Kategaya, a childhood friend of President Museveni, was considered the country’s de facto Number Two until 2003 when acrimonious debates about lifting of the constitutional provision on presidential term limits, which he opposed, polarised him and the President.

Political life

Together with other dissenting and outspoken ministers such as Maria Matembe, he was subsequently fired from Cabinet, where he had served uninterrupted under Museveni.

The presidential term limits were scrapped, clearing the main hurdle that has kept the President in power to-date.

After quitting government, Kategaya maintained an uncompromising stance and was understood to hobnob with opposition activists, vowing he would never become a political turncoat.

“Men only turn in bed but not on their words,” the former Rwampara constituency MP said, quoting a popular fable among his kins, ostensibly to underline his steely resolve at the time to keep out of what he considered a tainted regime.

Time proved him wrong and Kategaya struck a back-door deal with Museveni, and was to join cabinet and be assigned the First Deputy Premiership slot, one of several distinguished positions he had held before the 2003 fallout.

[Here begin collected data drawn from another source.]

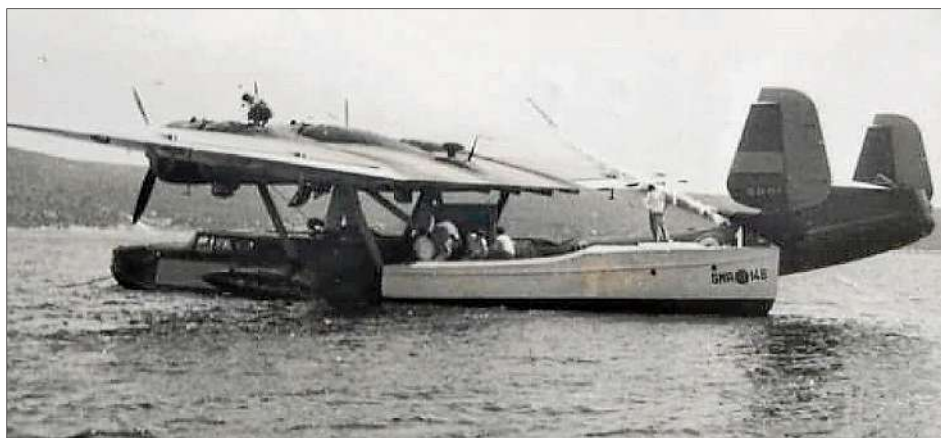
El hidroavió que va fer parada tècnica a Fornells en la ruta entre Marsella i Alger.
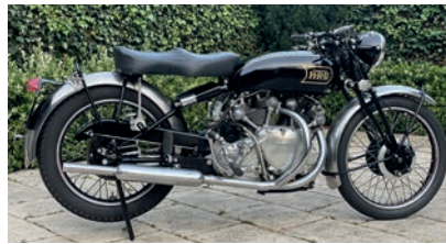
Vincent HRD 998 cm 3
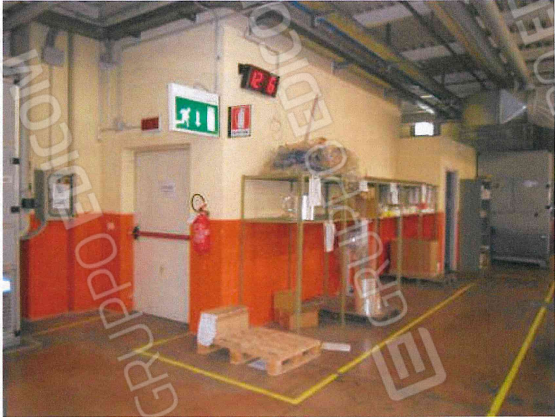
Foto 11 - Reparto packacing il corpo scala e wc
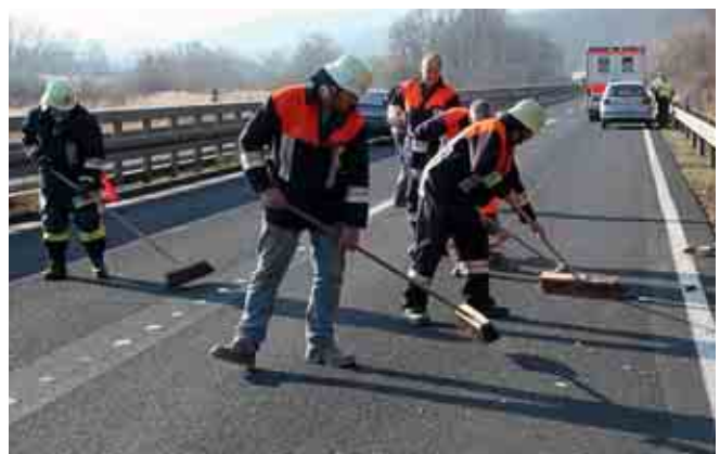
Verkehrsunfall auf B469
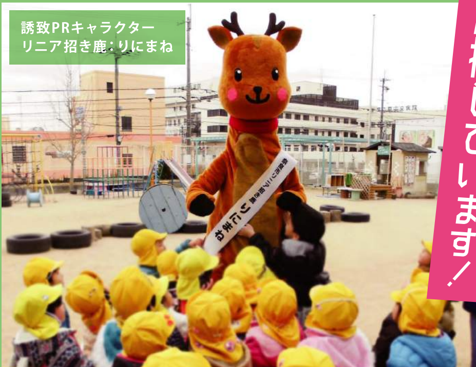
誘致PRキャラクター リニア招き鹿：りにまね
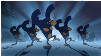
Gorillaz. Clint Eastwood.
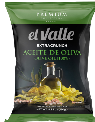
ACEITE DE OLIVA Y SAL DEL HIMALAYA
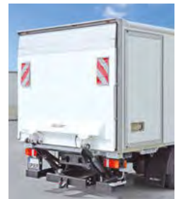
... mit abschließender LBW.
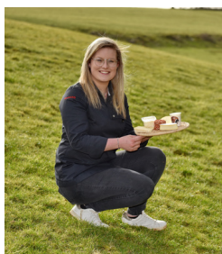
Marie Dogne Geitenboerderij en kaasmakerij (Stoumont)

“We have lost a patriot, a very transparent person and a man with many special leadership qualities,” said Gender Minister John Nasasira, a long-serving Cabinet colleague and personal friend.

“He was always for the unity of Uganda, and we shall remember his contribution to the freedom enjoyed in this country today.”

The departed deputy premier belonged to the political wing of the National Resistance Movement, whose military wing; the NRA, won a five-year guerilla war that brought President Museveni to power in 1986.

He and Museveni were understood to be close friends, having first met at the same primary school and moving on to graduate from Dar es Salaam University in Tanzania.

It was there that they crystalised their plans for armed liberation of Uganda, leading to the violent ouster of Gen. Tito Okello Lutwa’s military junta.

State International Affairs Minister Okello-Oryem, a son of toppled President Okello Lutwa, said he visited Kategaya at Nairobi Hospital on Thursday, and conferred with him for about an hour on wide-ranging themes including the financial scam in the Office of the Prime Minister, the prickly parliamentary debate on the Marriage and Divorce Bill, 2009, and resolutions of NRM Caucus at the recent Kyankwanzi retreat.